Afterwards, we compute the correlation coefficient C(y, n, s) between each detector column and the corresponding phase-step column for each detector read out and each phase stepping position:

$$C(x,n,s)=\mathop{{\rm{correlation}}}\limits_{y}(M(x,\cdot ,n),P(x,\cdot ,s))\,{\forall }_{x,n,s}\,,$$
(2)

where · selects all elements along the y-axis. Assuming that the object signal is uncorrelated to the reference signal, we expect the highest correlation at the correct phase. Hence, we select the phase-step with the highest correlation as an intermediate correction term

$${\gamma }_{C}(x,y,n)=\mathop{{\rm{argmax}}}\limits_{s}\,C(x,n,s)\,{\forall }_{x,n}.$$
(3)

However, we have previously assumed that the phase drift is due to grating rotations. Hence, the correction term should correspond to our polynomial model. In a last step, we fit the above described 2nd-order polynomial model to the correction term of each detector read out to smooth the phase correction along the x-direction:

$$\gamma (x,y,n)={\rm{polyfit}}\,{\gamma }_{C}(x,n,s)\,{\forall }_{n}.$$
(4)

In order to increase robustness of the fit at object edges, which like artifacts also affect the phase, we use a robust bisquare loss function63 for the fit. After determining the correction term, the signal reconstruction is performed as described above.
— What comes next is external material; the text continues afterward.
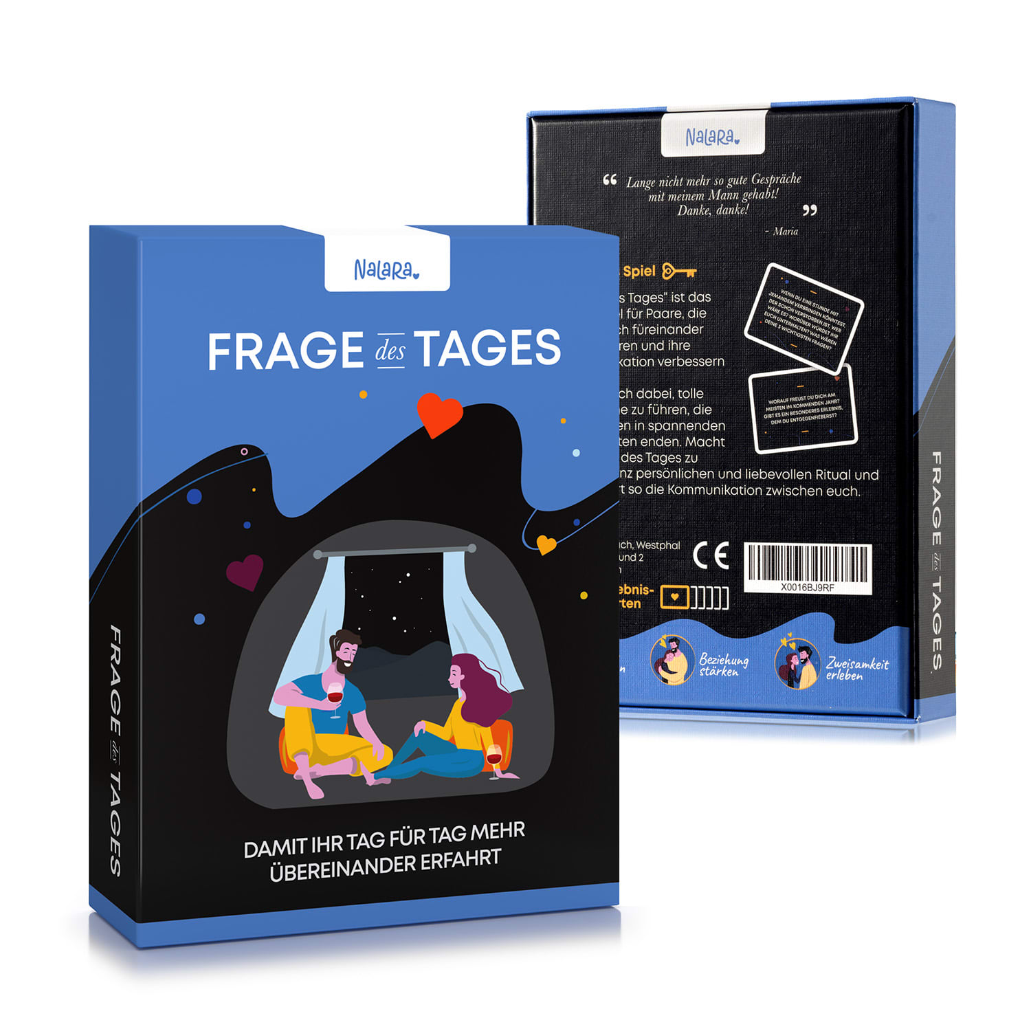 Pre všetky páriky, ktorým nestačí obyčajná otázka „Aký bol tvoj deň“: Rozmanité otázky hry pre párikyFrage des Tages prinášajú podnetnú výmenu názorov či už na záver dňa alebo pri raňajkách. Žiadna otázka o svete, živote, láske či minulosti a budúcnosti tu nepríde z krátka. Otázky sú drzé, netradičné, nezvyčajné. Hravým a povzbudzujúcim spôsobom môže vyjsť najavo jedno alebo dve tajomstvá, ktoré by ste sa inak o sebe nikdy nedozvedeli. Od zdanlivo triviálnych otázok cez hlboké, individuálne úvahy, až po otázky týkajúce sa vzťahov – to všetko tu nájdete. Prináša to veľa zábavy a tiež trochu jasnosti, čo má pre váš vzťah cenu zlata. Kartová hra podnecuje vtipné rozhovory aj hlboké diskusie – je to hravá práca so vzťahmi s ľahkosťou. Čas pre dvoch: Skvelým nápadom je zaradiť kartovú hru Frage des Tages od Spielehelden do každodenného života. Vytvorte si intímny rituál napríklad tak, že si každý večer vytiahnete jednu alebo viacero kariet. Nájdite si čas jeden pre druhého, užite si zábavu a pocíťte nové spojenie, ktoré medzi vami narastie! Láskyplne posilnite svoj vzťah s hravou ľahkosťou: Kartová hra Frage des Tages od Spielehelden vás prostredníctvom živej výmeny názorov spája ako Bonny & Clyde.

The effect of the proposed correction is illustrated in Fig. 7.

Figure 7
figure 7

Effect of the proposed phase drift correction on the dark-field image of the knee specimen. (A) without correction, (B) with correction, (C) difference image showing the removed moiré artifact.

Sample preparation and ethics statement

The measurement of the human knee ex-vivo has been performed as a feasibility study for imaging large, human samples with a fast scanning device. The use of the human sample for this experiment has been approved by the Ethics Committee of the University of Erlangen-Nuremberg (Germany). The tissues were used with the body donator’s written and informed consent. The knee has been stored in a formaldehyde solution to conserve it. All experiments were performed in accordance with relevant guidelines and regulations.